伊藤さん この建物は1975年竣工、築48年です。建てられた当時、何を大切にして、どのようにプランニングされたのかを読み解き、現代のライフスタイルの変化に合わせて、よい形で更新していきたいと考えました。

既存図面  
リノベーション後の図面

伊藤さん 既存の間取りでは、東側の中央に客間があり、床が切られていたのがとても印象に残っています。バルコニーには花台があり、あふれるほどの植物を丁寧に育てている住人の方も多く、町並みにも寄与してきた建物なのだと感じました。おそらく庭付き一戸建てのような暮らしをマンションで実現しようとしたのではないかと。1970年代の世田谷区で、緑に囲まれつつも憧れの都会的な家族の暮らしを体現するようなマンションとして企画されたのではないでしょうか。客間があった場所は、この住まいの中でもっとも静かで日当たりもよく、吐き出し窓とバルコニーもあります。きっと一番いい場所で大切な客人をもてなすゆとりが反映されているのだなと想像しました。それを現代のライフスタイルに置き換えて、大切な人と過ごす場所はどこだろうかと思いながらいくつかのプランを考えていきました。最終的に集約していったのが、そこへダイニングを配置する案です。

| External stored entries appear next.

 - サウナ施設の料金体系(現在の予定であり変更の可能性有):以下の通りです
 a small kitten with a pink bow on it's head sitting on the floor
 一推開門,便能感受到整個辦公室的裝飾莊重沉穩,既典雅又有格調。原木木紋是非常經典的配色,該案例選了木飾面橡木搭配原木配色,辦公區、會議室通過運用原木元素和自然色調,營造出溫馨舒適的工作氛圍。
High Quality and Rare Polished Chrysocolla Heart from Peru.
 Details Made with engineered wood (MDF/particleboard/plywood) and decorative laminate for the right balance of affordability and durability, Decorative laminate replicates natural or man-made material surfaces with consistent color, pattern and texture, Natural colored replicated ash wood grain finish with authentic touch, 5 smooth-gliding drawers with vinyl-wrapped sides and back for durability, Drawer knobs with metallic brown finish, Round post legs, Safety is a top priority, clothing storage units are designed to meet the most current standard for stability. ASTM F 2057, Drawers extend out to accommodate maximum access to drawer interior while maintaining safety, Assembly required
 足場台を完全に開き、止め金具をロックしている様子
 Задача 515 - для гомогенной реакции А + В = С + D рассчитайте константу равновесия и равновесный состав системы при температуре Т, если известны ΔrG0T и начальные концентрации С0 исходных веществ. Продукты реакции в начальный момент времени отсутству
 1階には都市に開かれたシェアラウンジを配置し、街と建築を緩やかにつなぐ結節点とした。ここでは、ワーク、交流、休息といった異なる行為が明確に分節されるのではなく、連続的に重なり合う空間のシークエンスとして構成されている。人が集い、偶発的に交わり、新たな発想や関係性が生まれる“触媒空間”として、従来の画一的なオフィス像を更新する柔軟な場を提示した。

福田 ダイニングは家族と食事をする場所でもありますが、現代ではお客さまをもてなす場所でもあります。家の中でも一番いい場所で大切な人と過ごしたいという価値を継承しながら、現代的な解釈でリノベーションを施した場所だと考えています。

使い方を固定しない、自由で連続性のある空間

――客間を継承するダイニングを起点に、その他の場所はどのように導いていったのですか?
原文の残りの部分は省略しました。